--- EXERCISE AIM ---
Word-for-word repetition of the records below is needed, but only from the line holding "I didn’t have" through the final line, with pictures excluded.

Entries taken from a collection
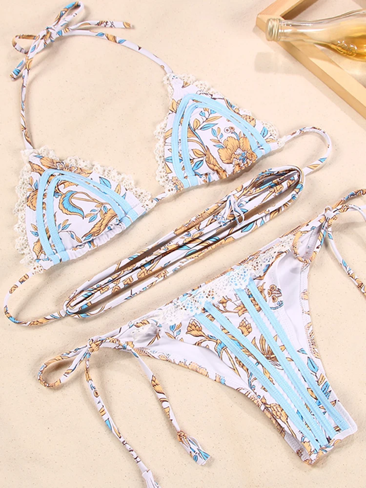 Zrtak кружевные бикини, сексуальный купальник на бретельках, купальник с длинными бретельками, женский купальный костюм, летняя пляжная одежда, комплект бикини с принтом 2022
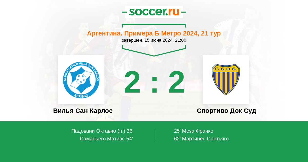 Аргентина. Примера Б Метро 04.10.2025 Вилья Сан Карлос Логотип футбольный клуб Вилья Сан Карлос (Берисо) 2:2 Логотип футбольный клуб Спортиво Док Суд (Буэнос-Айрес) Спортиво Док Суд
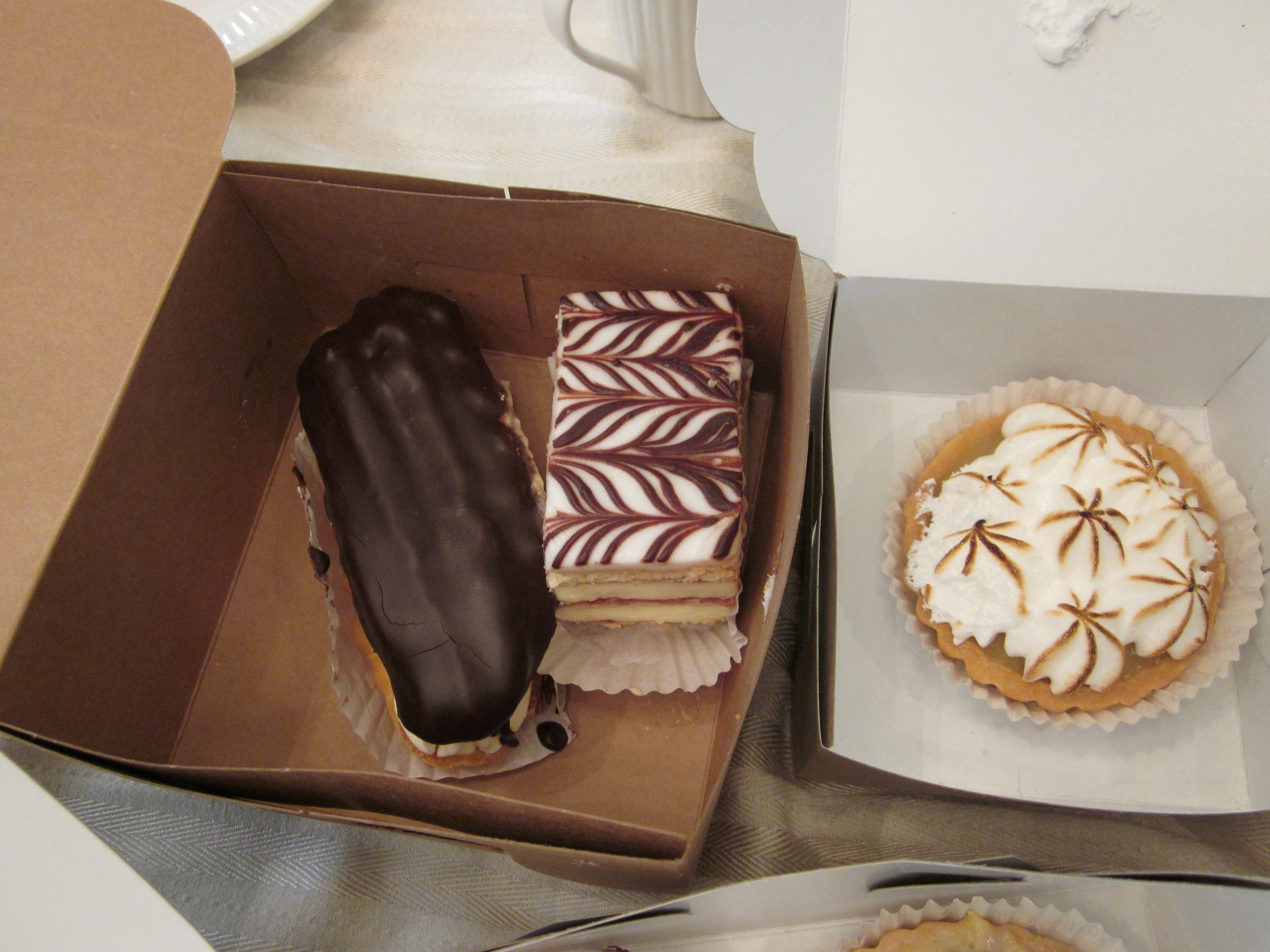 I didn’t have time to make ice cream, so I picked up some desserts from that always-busy cake and pastry place in the Granville Island Market. I counted on two pastries each, ten in all, but decided to go for an even dozen. Somehow, I ended up with an extra.
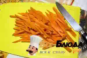 1. Репчатый лук мелко порезать. Морковь очистить и нарезать соломкой.
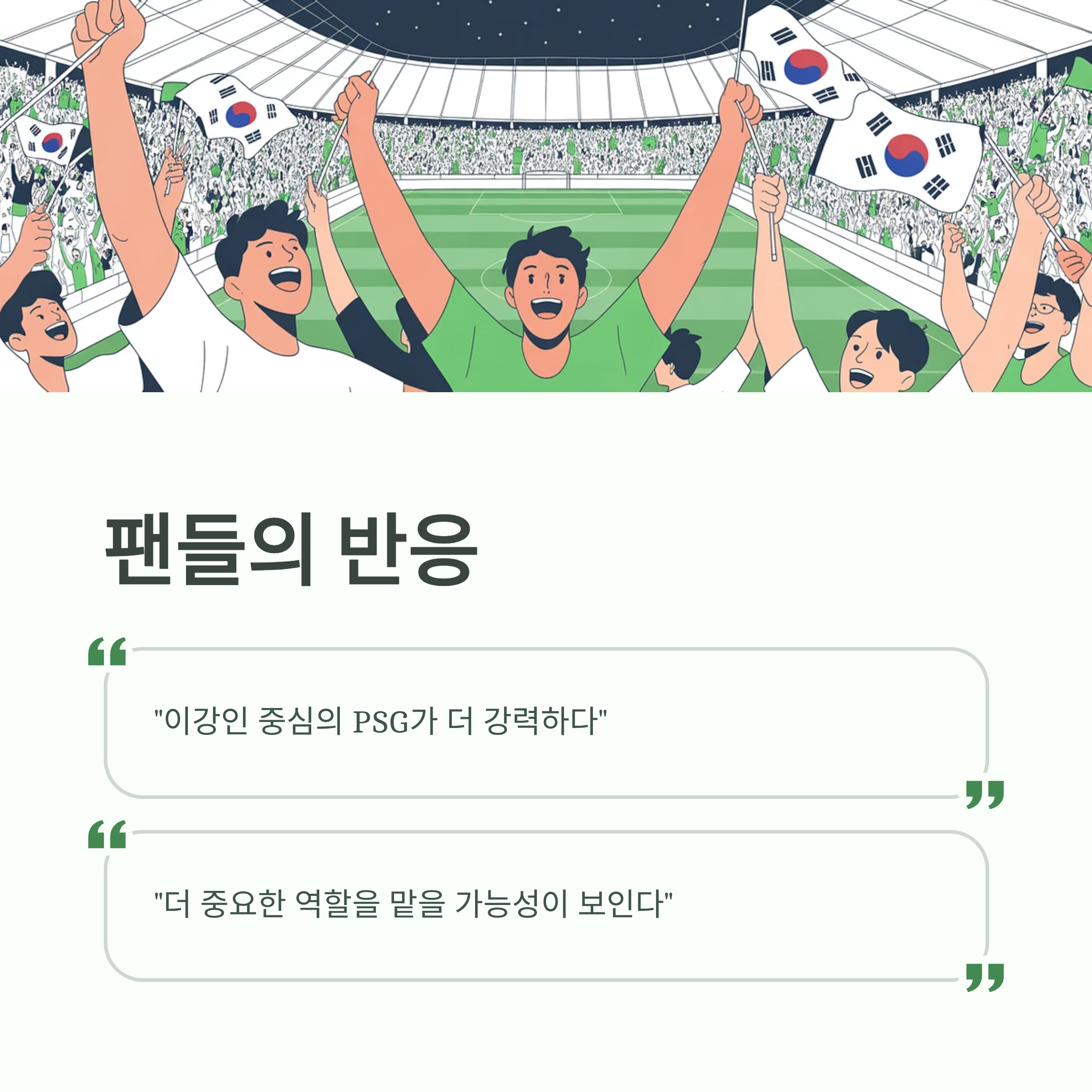 - 팬들 사이에서 "이강인 중심의 PSG", "더 중요한 역할의 가능성"이라는 긍정적 의견이 지배적입니다.

--- EXERCISE RESULT ---
 I didn’t have time to make ice cream, so I picked up some desserts from that always-busy cake and pastry place in the Granville Island Market. I counted on two pastries each, ten in all, but decided to go for an even dozen. Somehow, I ended up with an extra.
 1. Репчатый лук мелко порезать. Морковь очистить и нарезать соломкой.
 - 팬들 사이에서 "이강인 중심의 PSG", "더 중요한 역할의 가능성"이라는 긍정적 의견이 지배적입니다.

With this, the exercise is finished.